> [PROBLEM REQUIREMENTS]
Set down the data below in full, exactly as it reads, but without the pictures.

> [GIVEN INFORMATION]
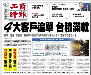 6月8日,臺灣《工商時報》在頭版刊發(fā)題為《4大客戶追單 臺積滿載》的文章稱,近日內(nèi)包括蘋果、高通、聯(lián)發(fā)科、超微等公司已向臺積電大幅追加第四季7nm訂單。
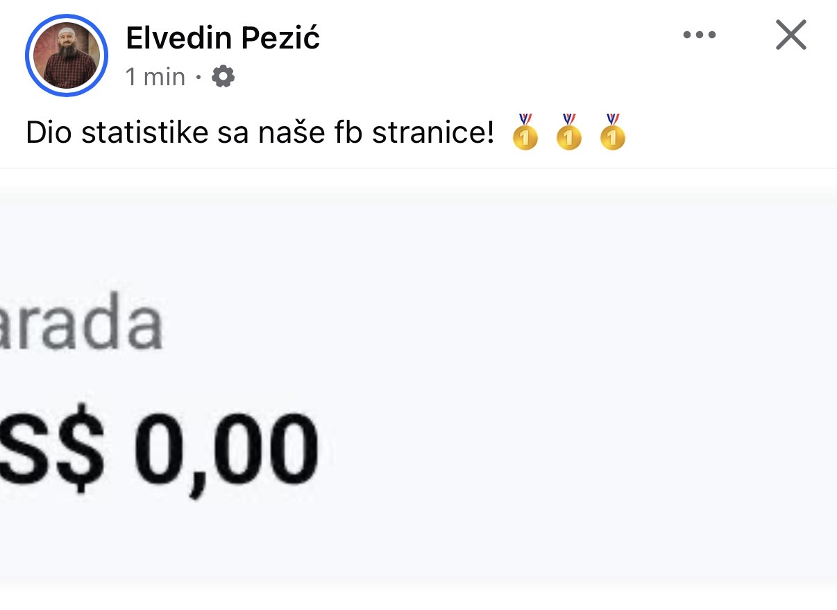Nakon učestalih prozivki i optužbi da putem svoje Facebook stranice ostvaruje ličnu finansijsku korist, Elvedin Pezić je odlučio javno objaviti statistiku i stvarnu zaradu sa Facebook platforme, čime je, prema ocjeni brojnih pratitelja, jasno odgovorio na sve spekulacije, piše 072info.
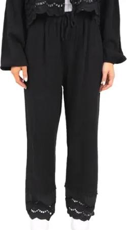 Lange & lockere Musselin Hose mit Lochstickerei und Elast. Bund - INES (Schwarz)

> [RESULT OF THE EXERCISE]
 6月8日,臺灣《工商時報》在頭版刊發(fā)題為《4大客戶追單 臺積滿載》的文章稱,近日內(nèi)包括蘋果、高通、聯(lián)發(fā)科、超微等公司已向臺積電大幅追加第四季7nm訂單。
Nakon učestalih prozivki i optužbi da putem svoje Facebook stranice ostvaruje ličnu finansijsku korist, Elvedin Pezić je odlučio javno objaviti statistiku i stvarnu zaradu sa Facebook platforme, čime je, prema ocjeni brojnih pratitelja, jasno odgovorio na sve spekulacije, piše 072info.
 Lange & lockere Musselin Hose mit Lochstickerei und Elast. Bund - INES (Schwarz)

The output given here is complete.